Были и трофеи, но что мог вывезти с войны солдат? Весь его и запас — в заплечном мешке, да тайничке за водительским сиденьем. Короче говоря, единственное, что привёз дед с фронта — кусок вишнёвого цвета синтетической клеёнки, метра два на два, с тканевым исподом, мягкой, гладкой с лица. Для чего? Да кто ж теперь вспомнит. Углядел её однажды в брошенном немецком автомобиле и срезал на свои солдатские нужды. Стелил под ноги или на сиденье наверное.
После демобилизации дед вернулся на Север, но от безработицы быстро подался на Урал, возить лес.
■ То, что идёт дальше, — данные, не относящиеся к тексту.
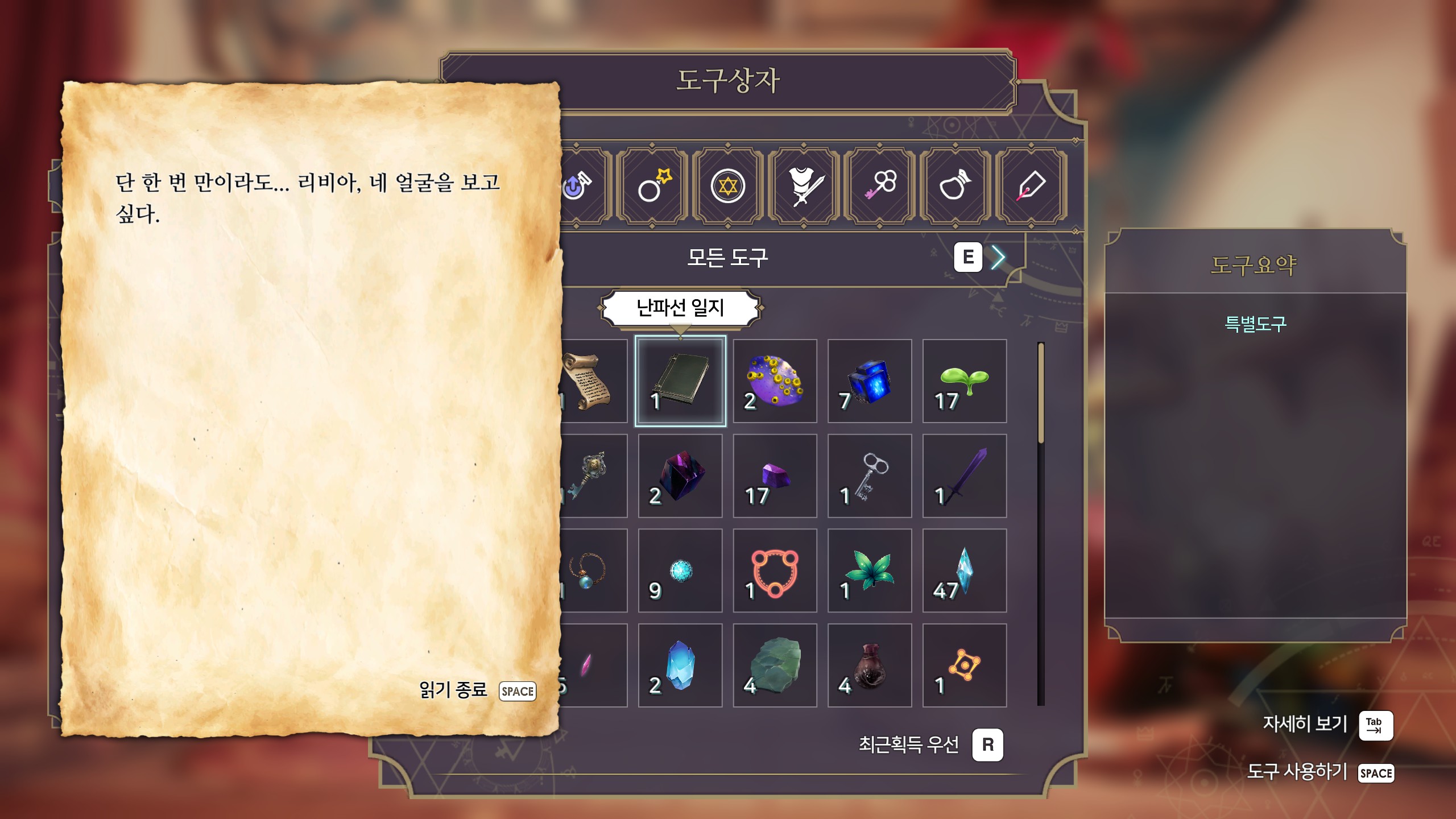 - 이외 서브퀘스트에 대한 힌트가 잘 주어지지 않았고(있다는 사실 자체를 후반부에 알게 되었다;) 특정 시점을 넘어가면 퀘스트 전체가 날아가버리는 일이 잦았다. 조금 더 친절하면 좋을 것 같다.

С войны не имея свидетельства о рождении, он мучился с временным, выдававшимся только на три месяца. И вот где-то в станционном посёлке под Свердловском, на Транссибе, обратился к девчонкам в паспортном столе, чтобы помогли справить постоянное. Ни дня, ни месяца рождения он не помнил, помнил только, что ещё при живом отце отмечали его весной. Так что в новом свидетельстве записали 9 мая, в честь Победы. И там же, в паспортном, встретил свою половинку.
Бабушка моя, Валентина Петровна, родилась в 1929 году в том самом посёлке, в большой семье железнодорожника. Война для неё — 300 грамм хлеба на человека, неурожай и голод 43-го, когда ноги опухали так, что месяц не могла дойти до школы, солдатские сухари, которыми раненые на проезжавших поездах делились с дежурившими на перроне ребятишками. К 1953-му, когда дед, не выдержав деревенской нищеты, записался на урановые рудники в Монголию, у них было уже трое детей.
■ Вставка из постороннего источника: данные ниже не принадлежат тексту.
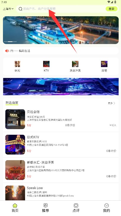 3、在首页点击搜索栏输入商家名称或分类关键词,快速查找目标商户信息。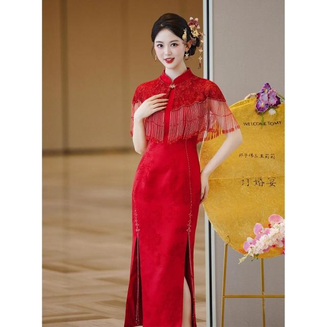 一字肩敬酒服新娘高級感新中式酒紅色結婚訂婚禮服女高端刺繡長裙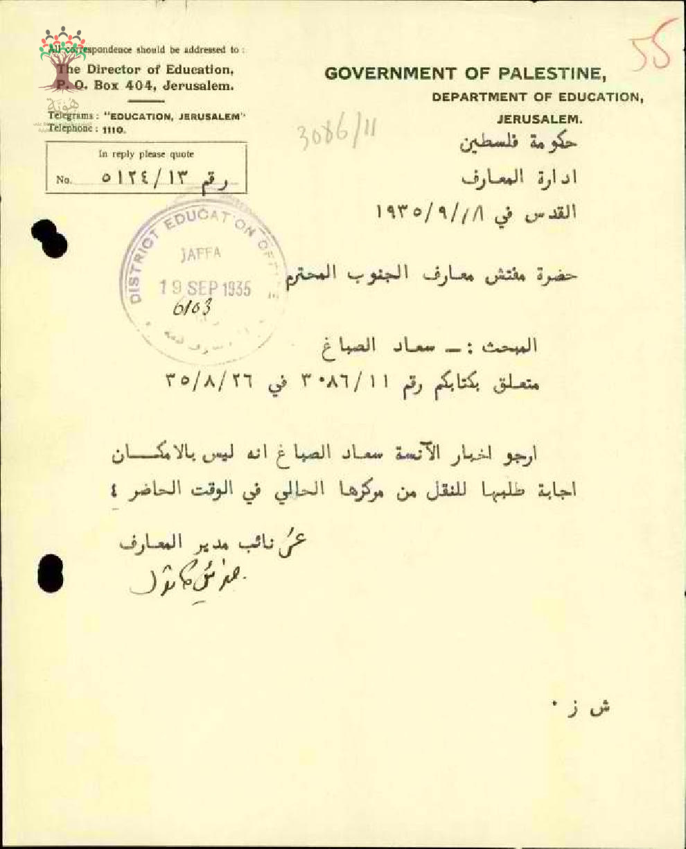 رسالة من مدير المعارف إلى مفتش المعارف يخبره بعدم امكانية نقل المعلمة سعاد صباغ من مركزها الحالي

В Монголии они прожили в общей сложности три года. Вернулись с деньгами: Советский Союз щедро содержал идеологических друзей. Переселились из казённого барака в свою избу, держали скотину, огород. Выросли, выучились в техникумах-институтах и разъехались кто куда дети. Моя мама оказалась в Свердловске, где родился я.
Первое воспоминание детства — снятые с эфира «Спокойной ночи, малыши!», единственная понятная и интересная мне телепередача: вожди мёрли, и мёрли, и мёрли. Гонки на катафалках — так, кажется, называют сейчас тот период? Считаю, мне повезло больше предков. Советского тоже досталось: гореть, а не тлеть (и это в семь лет!), октябрята, пионеры, псевдопартийные собрания, атомный мораторий, перестройка, Ельцин… Но Комсомол я уже не застал — Союз приказал долго жить.
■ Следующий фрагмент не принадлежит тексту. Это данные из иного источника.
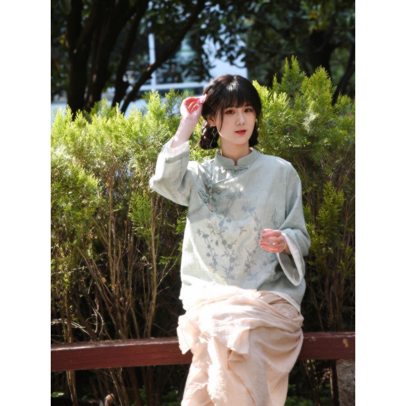nameOriginal | Cotton and Linen Top Fairy Style Zen Style Tea Suit Women's Artistic Retro Buddha Style suit Cheongsam Style Shirt with Chinese Style |

Дед, как раз в начале 80-х вставший как ветеран войны (или инвалид? Кто вообще придумал это разделение?) в очередь на городскую квартиру, устав от бесконечного хождения по инстанциям, изредка цедил сквозь зубы: взять бы автомат…
Квартиру он получил ровно двадцать лет спустя, за год до смерти, при Путине, когда вышли все мыслимые и немыслимые сроки. Оценить подарок не смог: парализованный после инсульта, он уже ничего не понимал и жил только благодаря бабушке и детям. Но когда нынче мы схлестнулись с мамой после выборов, схлестнулись зло, до крика (да как, как можно не видеть, что страна продана, растоптана, когда мы смотрим, носим, едим, спим на всём, что сделано там, ТАМ!), бабушка только тихо улыбалась: я никогда не жила так хорошо.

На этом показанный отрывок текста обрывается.